#### [Problem to solve]
Every entry below should be reproduced exactly; no picture is to be included.

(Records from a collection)
☆ ☆ ☆
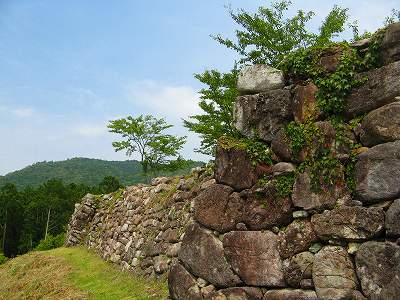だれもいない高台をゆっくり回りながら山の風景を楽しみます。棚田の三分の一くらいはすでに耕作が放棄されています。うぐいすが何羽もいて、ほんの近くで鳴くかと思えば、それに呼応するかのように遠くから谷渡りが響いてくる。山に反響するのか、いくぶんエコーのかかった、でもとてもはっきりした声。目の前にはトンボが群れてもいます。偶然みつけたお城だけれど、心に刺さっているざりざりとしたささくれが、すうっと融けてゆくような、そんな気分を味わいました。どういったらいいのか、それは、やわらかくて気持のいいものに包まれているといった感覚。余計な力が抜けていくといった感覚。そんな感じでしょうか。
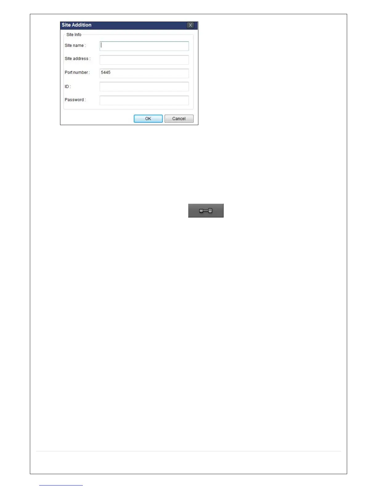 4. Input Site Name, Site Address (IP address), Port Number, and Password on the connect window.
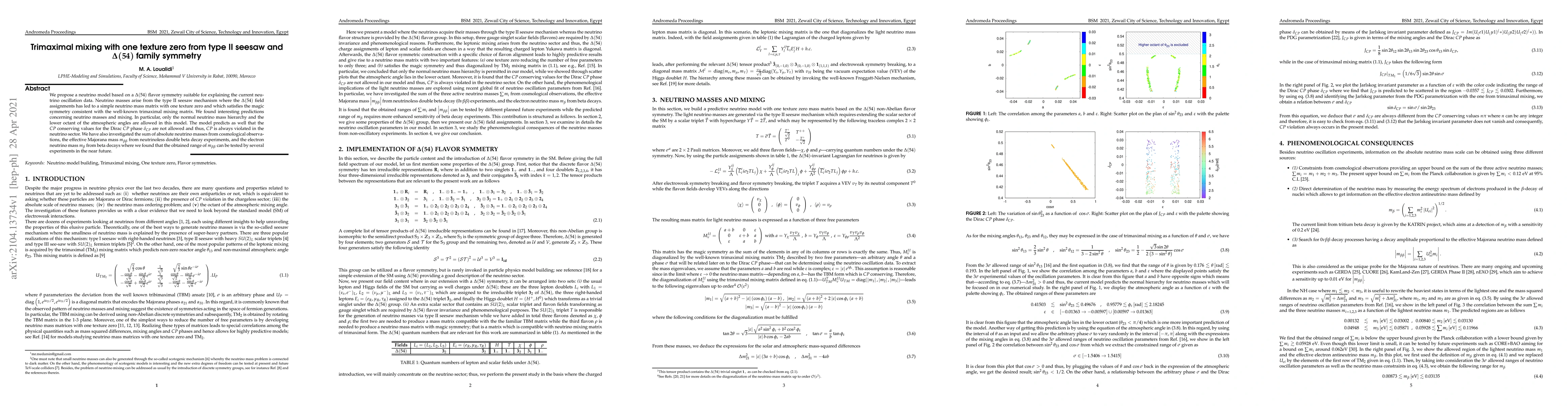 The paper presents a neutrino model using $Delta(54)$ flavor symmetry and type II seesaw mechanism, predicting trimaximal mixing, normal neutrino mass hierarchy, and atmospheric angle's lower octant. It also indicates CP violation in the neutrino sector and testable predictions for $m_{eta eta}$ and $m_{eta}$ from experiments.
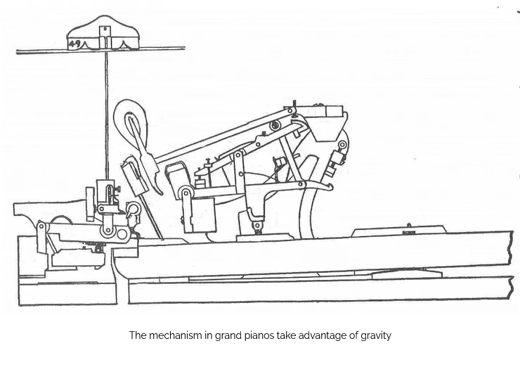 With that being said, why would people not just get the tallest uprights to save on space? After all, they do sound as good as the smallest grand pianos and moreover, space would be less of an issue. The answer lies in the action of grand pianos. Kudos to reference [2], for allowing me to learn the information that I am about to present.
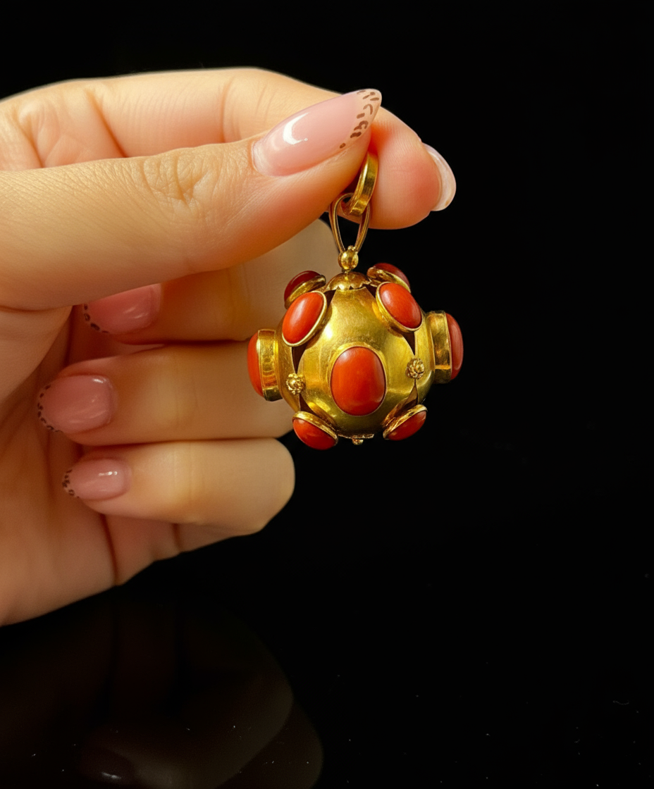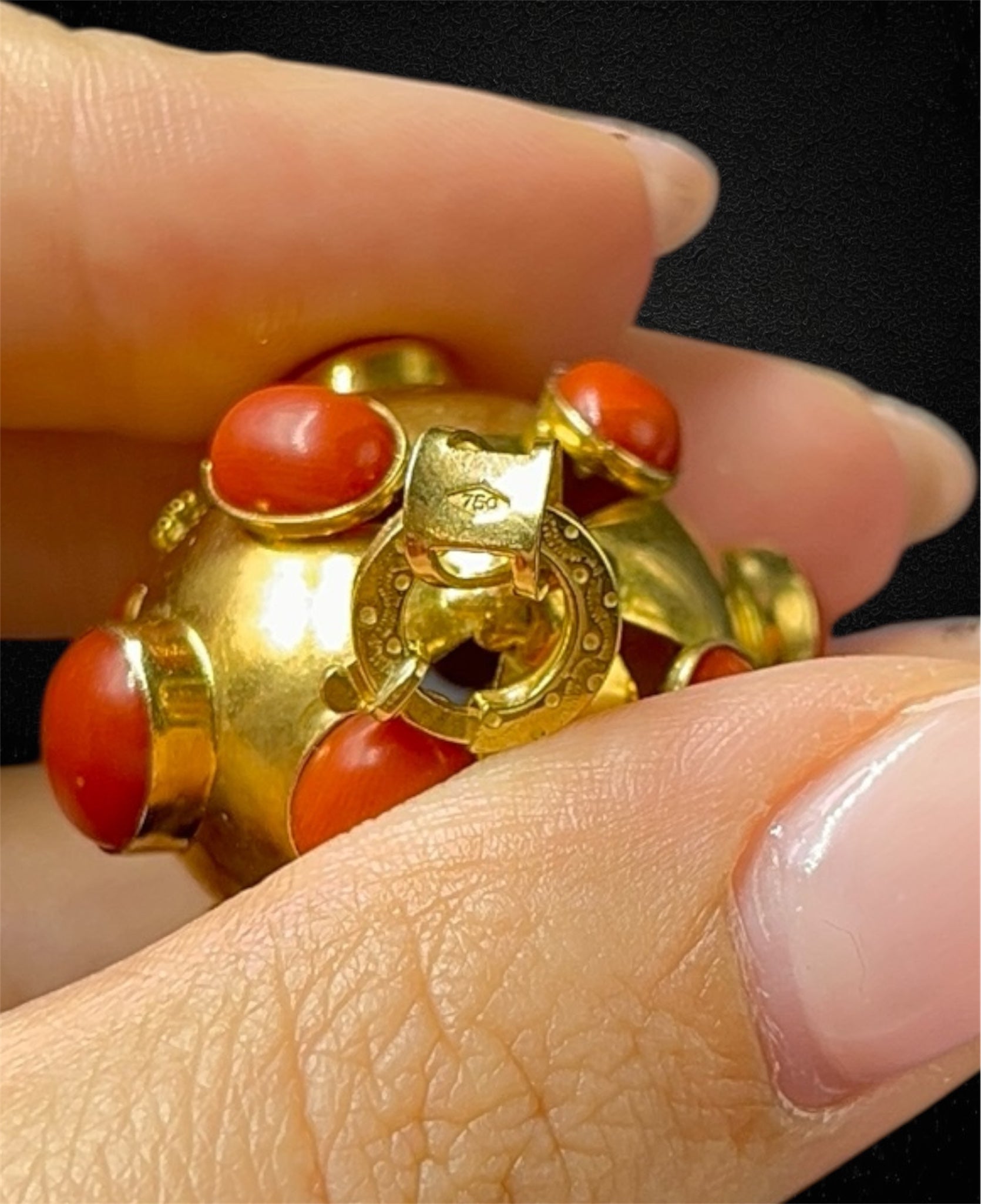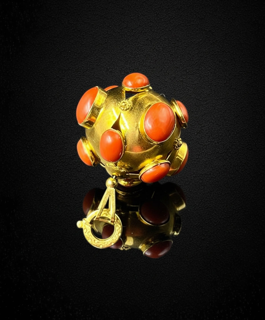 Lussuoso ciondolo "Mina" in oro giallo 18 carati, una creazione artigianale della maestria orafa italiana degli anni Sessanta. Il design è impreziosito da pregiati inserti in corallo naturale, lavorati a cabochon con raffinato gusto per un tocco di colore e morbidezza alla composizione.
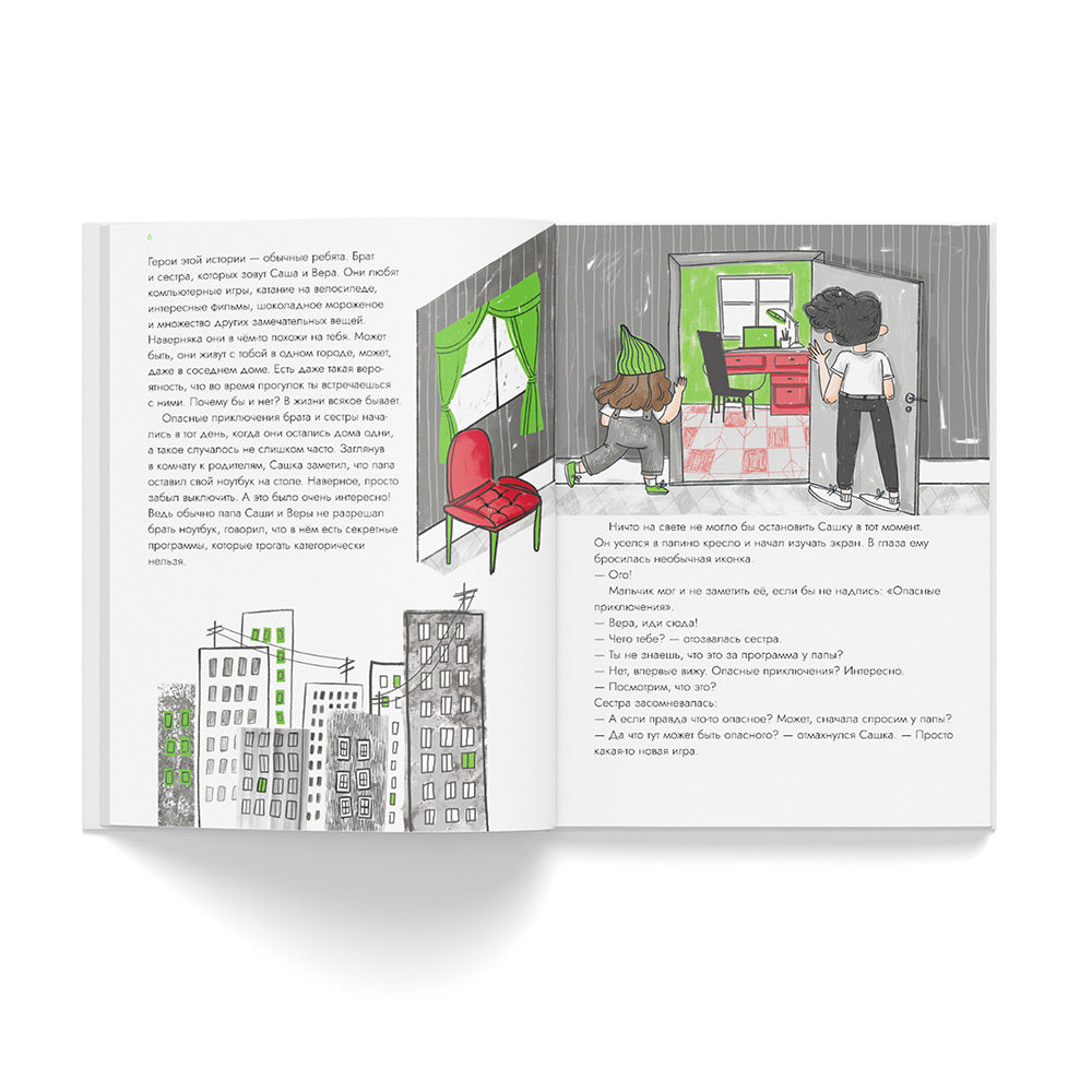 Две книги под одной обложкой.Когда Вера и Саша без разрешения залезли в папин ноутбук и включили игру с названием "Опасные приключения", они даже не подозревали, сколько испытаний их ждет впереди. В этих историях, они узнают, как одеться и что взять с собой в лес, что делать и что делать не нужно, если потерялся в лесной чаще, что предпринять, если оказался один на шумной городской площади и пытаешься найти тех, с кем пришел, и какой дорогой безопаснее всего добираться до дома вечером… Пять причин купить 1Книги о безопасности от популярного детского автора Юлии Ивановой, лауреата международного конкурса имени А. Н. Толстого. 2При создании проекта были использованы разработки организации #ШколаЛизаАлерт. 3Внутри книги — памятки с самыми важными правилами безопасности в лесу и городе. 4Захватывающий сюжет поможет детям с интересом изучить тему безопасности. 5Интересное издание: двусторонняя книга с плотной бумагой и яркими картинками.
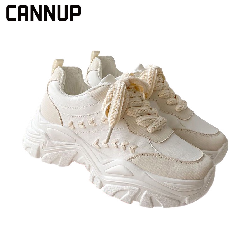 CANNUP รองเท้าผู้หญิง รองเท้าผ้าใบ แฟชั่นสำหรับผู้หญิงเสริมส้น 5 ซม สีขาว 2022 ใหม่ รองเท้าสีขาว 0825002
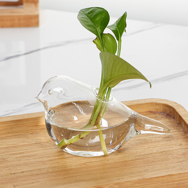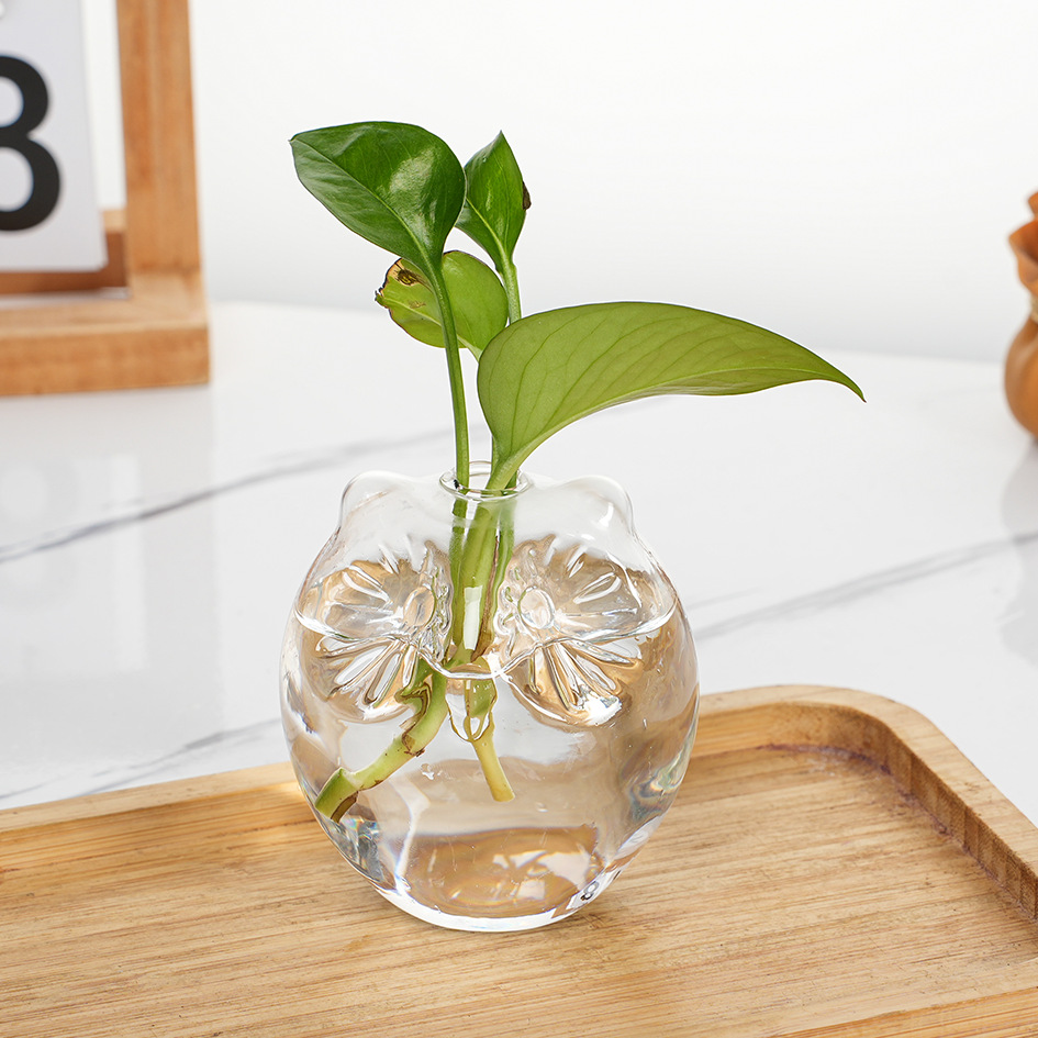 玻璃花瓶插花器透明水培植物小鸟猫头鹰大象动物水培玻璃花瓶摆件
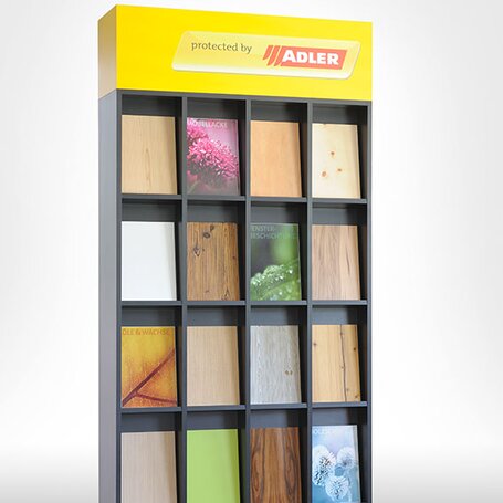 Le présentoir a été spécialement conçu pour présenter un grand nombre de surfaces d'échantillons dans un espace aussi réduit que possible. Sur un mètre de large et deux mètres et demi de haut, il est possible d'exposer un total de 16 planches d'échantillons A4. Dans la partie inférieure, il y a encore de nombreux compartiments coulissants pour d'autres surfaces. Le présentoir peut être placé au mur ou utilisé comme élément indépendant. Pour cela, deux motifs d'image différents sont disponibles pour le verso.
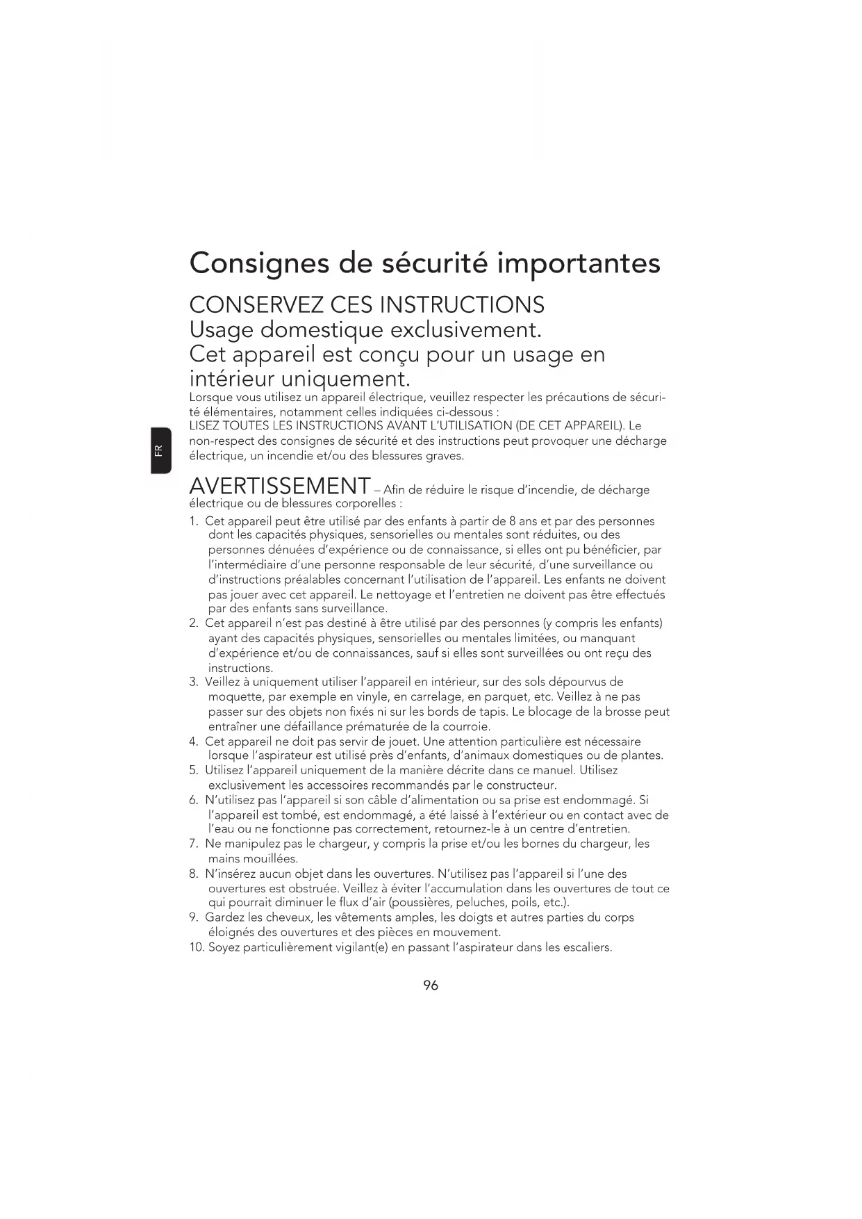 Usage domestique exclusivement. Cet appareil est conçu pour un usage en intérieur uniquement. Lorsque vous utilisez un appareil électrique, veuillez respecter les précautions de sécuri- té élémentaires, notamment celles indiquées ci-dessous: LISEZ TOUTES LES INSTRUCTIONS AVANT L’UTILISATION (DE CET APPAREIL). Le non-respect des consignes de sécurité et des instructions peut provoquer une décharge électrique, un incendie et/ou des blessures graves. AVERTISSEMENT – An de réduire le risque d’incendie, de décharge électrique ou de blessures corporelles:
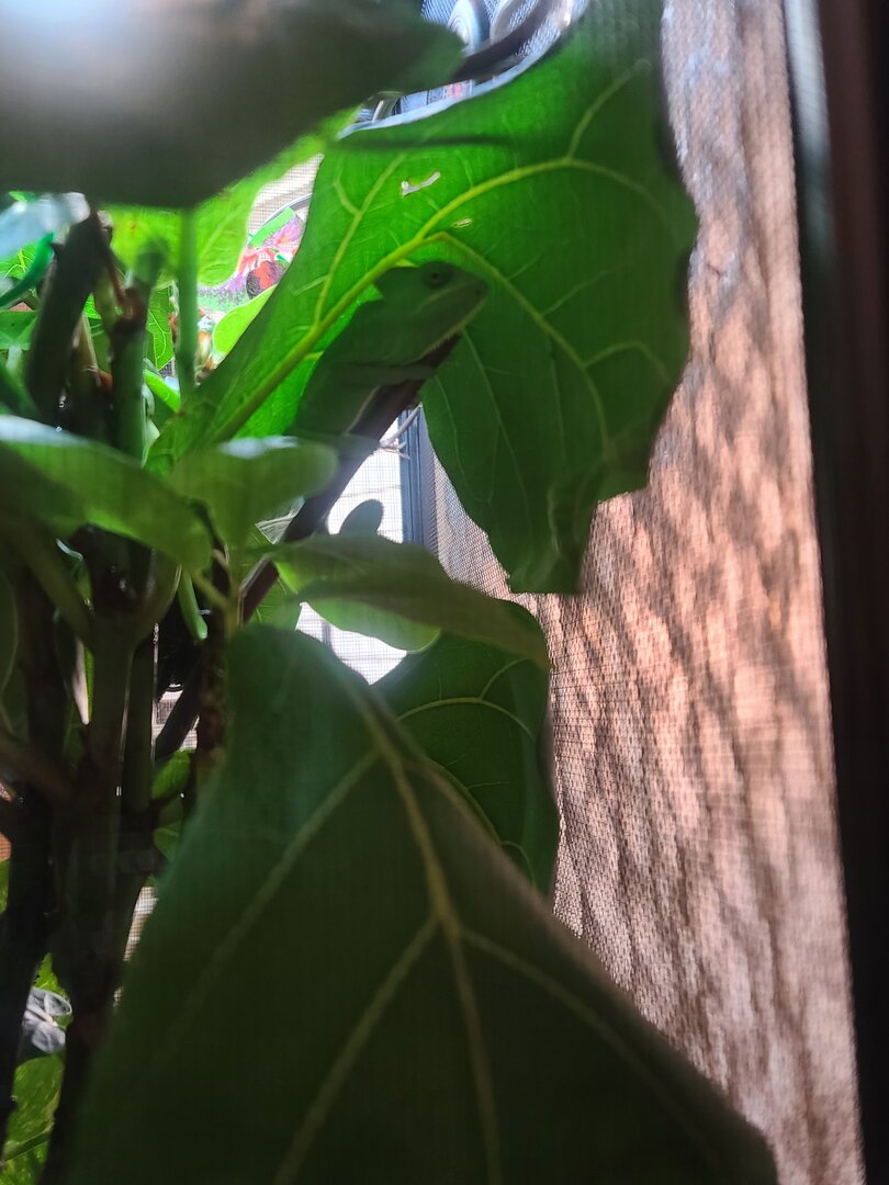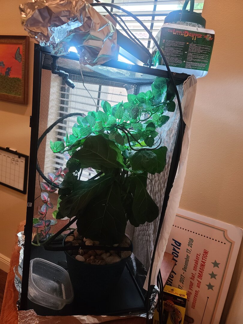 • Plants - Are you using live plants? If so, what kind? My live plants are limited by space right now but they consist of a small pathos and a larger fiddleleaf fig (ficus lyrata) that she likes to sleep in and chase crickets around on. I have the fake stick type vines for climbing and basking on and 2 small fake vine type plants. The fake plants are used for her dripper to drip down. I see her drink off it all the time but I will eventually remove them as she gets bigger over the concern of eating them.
☆ ☆ ☆
#### [Task solution]
だれもいない高台をゆっくり回りながら山の風景を楽しみます。棚田の三分の一くらいはすでに耕作が放棄されています。うぐいすが何羽もいて、ほんの近くで鳴くかと思えば、それに呼応するかのように遠くから谷渡りが響いてくる。山に反響するのか、いくぶんエコーのかかった、でもとてもはっきりした声。目の前にはトンボが群れてもいます。偶然みつけたお城だけれど、心に刺さっているざりざりとしたささくれが、すうっと融けてゆくような、そんな気分を味わいました。どういったらいいのか、それは、やわらかくて気持のいいものに包まれているといった感覚。余計な力が抜けていくといった感覚。そんな感じでしょうか。
 4. Input Site Name, Site Address (IP address), Port Number, and Password on the connect window.
 The paper presents a neutrino model using $Delta(54)$ flavor symmetry and type II seesaw mechanism, predicting trimaximal mixing, normal neutrino mass hierarchy, and atmospheric angle's lower octant. It also indicates CP violation in the neutrino sector and testable predictions for $m_{eta eta}$ and $m_{eta}$ from experiments.
 With that being said, why would people not just get the tallest uprights to save on space? After all, they do sound as good as the smallest grand pianos and moreover, space would be less of an issue. The answer lies in the action of grand pianos. Kudos to reference [2], for allowing me to learn the information that I am about to present.
 Lussuoso ciondolo "Mina" in oro giallo 18 carati, una creazione artigianale della maestria orafa italiana degli anni Sessanta. Il design è impreziosito da pregiati inserti in corallo naturale, lavorati a cabochon con raffinato gusto per un tocco di colore e morbidezza alla composizione.
 Две книги под одной обложкой.Когда Вера и Саша без разрешения залезли в папин ноутбук и включили игру с названием "Опасные приключения", они даже не подозревали, сколько испытаний их ждет впереди. В этих историях, они узнают, как одеться и что взять с собой в лес, что делать и что делать не нужно, если потерялся в лесной чаще, что предпринять, если оказался один на шумной городской площади и пытаешься найти тех, с кем пришел, и какой дорогой безопаснее всего добираться до дома вечером… Пять причин купить 1Книги о безопасности от популярного детского автора Юлии Ивановой, лауреата международного конкурса имени А. Н. Толстого. 2При создании проекта были использованы разработки организации #ШколаЛизаАлерт. 3Внутри книги — памятки с самыми важными правилами безопасности в лесу и городе. 4Захватывающий сюжет поможет детям с интересом изучить тему безопасности. 5Интересное издание: двусторонняя книга с плотной бумагой и яркими картинками.
 CANNUP รองเท้าผู้หญิง รองเท้าผ้าใบ แฟชั่นสำหรับผู้หญิงเสริมส้น 5 ซม สีขาว 2022 ใหม่ รองเท้าสีขาว 0825002
 玻璃花瓶插花器透明水培植物小鸟猫头鹰大象动物水培玻璃花瓶摆件
 Le présentoir a été spécialement conçu pour présenter un grand nombre de surfaces d'échantillons dans un espace aussi réduit que possible. Sur un mètre de large et deux mètres et demi de haut, il est possible d'exposer un total de 16 planches d'échantillons A4. Dans la partie inférieure, il y a encore de nombreux compartiments coulissants pour d'autres surfaces. Le présentoir peut être placé au mur ou utilisé comme élément indépendant. Pour cela, deux motifs d'image différents sont disponibles pour le verso.
 Usage domestique exclusivement. Cet appareil est conçu pour un usage en intérieur uniquement. Lorsque vous utilisez un appareil électrique, veuillez respecter les précautions de sécuri- té élémentaires, notamment celles indiquées ci-dessous: LISEZ TOUTES LES INSTRUCTIONS AVANT L’UTILISATION (DE CET APPAREIL). Le non-respect des consignes de sécurité et des instructions peut provoquer une décharge électrique, un incendie et/ou des blessures graves. AVERTISSEMENT – An de réduire le risque d’incendie, de décharge électrique ou de blessures corporelles:
 • Plants - Are you using live plants? If so, what kind? My live plants are limited by space right now but they consist of a small pathos and a larger fiddleleaf fig (ficus lyrata) that she likes to sleep in and chase crickets around on. I have the fake stick type vines for climbing and basking on and 2 small fake vine type plants. The fake plants are used for her dripper to drip down. I see her drink off it all the time but I will eventually remove them as she gets bigger over the concern of eating them.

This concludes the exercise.